Required work: Return all of the data exactly as written, without the pictures.

Provided data:
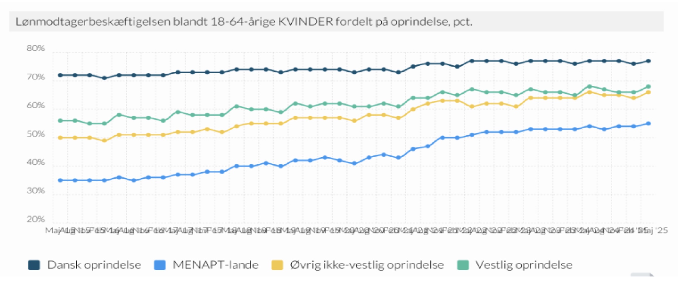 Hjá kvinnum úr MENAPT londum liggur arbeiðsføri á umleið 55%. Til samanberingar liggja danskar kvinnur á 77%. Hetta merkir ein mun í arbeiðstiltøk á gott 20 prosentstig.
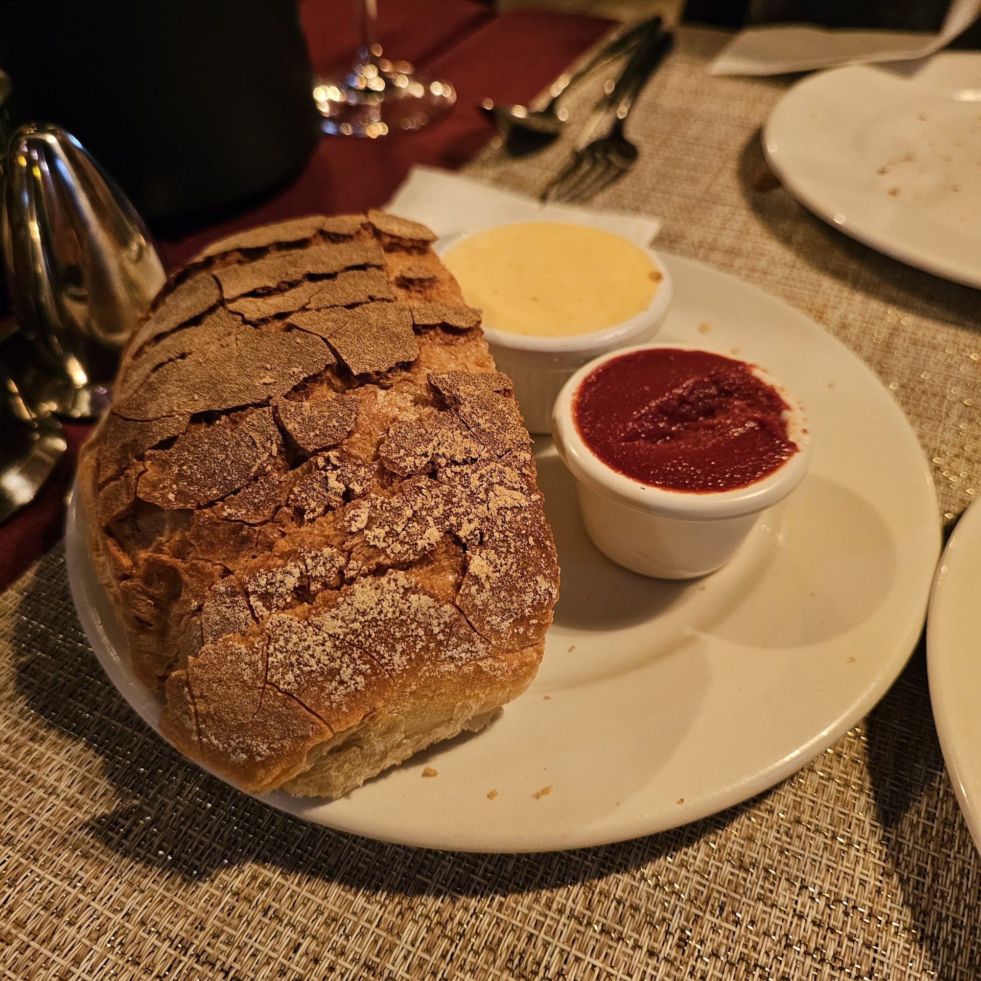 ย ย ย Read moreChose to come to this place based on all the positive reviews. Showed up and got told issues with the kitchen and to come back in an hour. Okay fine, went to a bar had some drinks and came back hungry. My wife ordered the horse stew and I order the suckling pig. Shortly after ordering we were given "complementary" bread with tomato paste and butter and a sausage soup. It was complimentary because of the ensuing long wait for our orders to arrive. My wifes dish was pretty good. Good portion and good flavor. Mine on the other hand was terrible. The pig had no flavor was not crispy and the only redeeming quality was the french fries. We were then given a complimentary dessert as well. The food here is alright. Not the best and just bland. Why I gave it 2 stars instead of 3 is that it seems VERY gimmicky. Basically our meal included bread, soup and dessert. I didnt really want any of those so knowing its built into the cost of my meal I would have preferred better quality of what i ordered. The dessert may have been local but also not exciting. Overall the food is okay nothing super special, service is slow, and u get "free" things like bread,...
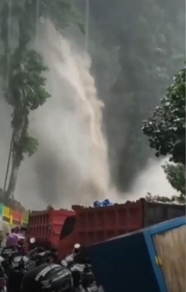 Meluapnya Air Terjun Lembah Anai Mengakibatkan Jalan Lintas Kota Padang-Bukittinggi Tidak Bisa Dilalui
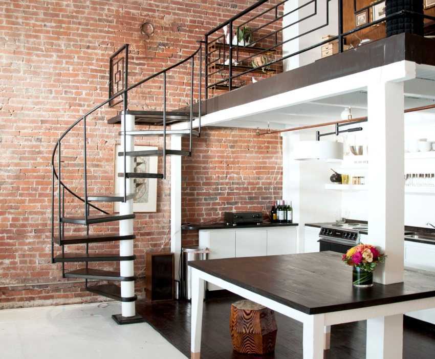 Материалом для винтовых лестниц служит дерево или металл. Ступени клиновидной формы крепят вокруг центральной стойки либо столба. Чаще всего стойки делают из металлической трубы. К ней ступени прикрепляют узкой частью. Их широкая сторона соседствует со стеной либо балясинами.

Solution to the exercise:
 Hjá kvinnum úr MENAPT londum liggur arbeiðsføri á umleið 55%. Til samanberingar liggja danskar kvinnur á 77%. Hetta merkir ein mun í arbeiðstiltøk á gott 20 prosentstig.
 ย ย ย Read moreChose to come to this place based on all the positive reviews. Showed up and got told issues with the kitchen and to come back in an hour. Okay fine, went to a bar had some drinks and came back hungry. My wife ordered the horse stew and I order the suckling pig. Shortly after ordering we were given "complementary" bread with tomato paste and butter and a sausage soup. It was complimentary because of the ensuing long wait for our orders to arrive. My wifes dish was pretty good. Good portion and good flavor. Mine on the other hand was terrible. The pig had no flavor was not crispy and the only redeeming quality was the french fries. We were then given a complimentary dessert as well. The food here is alright. Not the best and just bland. Why I gave it 2 stars instead of 3 is that it seems VERY gimmicky. Basically our meal included bread, soup and dessert. I didnt really want any of those so knowing its built into the cost of my meal I would have preferred better quality of what i ordered. The dessert may have been local but also not exciting. Overall the food is okay nothing super special, service is slow, and u get "free" things like bread,...
 Meluapnya Air Terjun Lembah Anai Mengakibatkan Jalan Lintas Kota Padang-Bukittinggi Tidak Bisa Dilalui
 Материалом для винтовых лестниц служит дерево или металл. Ступени клиновидной формы крепят вокруг центральной стойки либо столба. Чаще всего стойки делают из металлической трубы. К ней ступени прикрепляют узкой частью. Их широкая сторона соседствует со стеной либо балясинами.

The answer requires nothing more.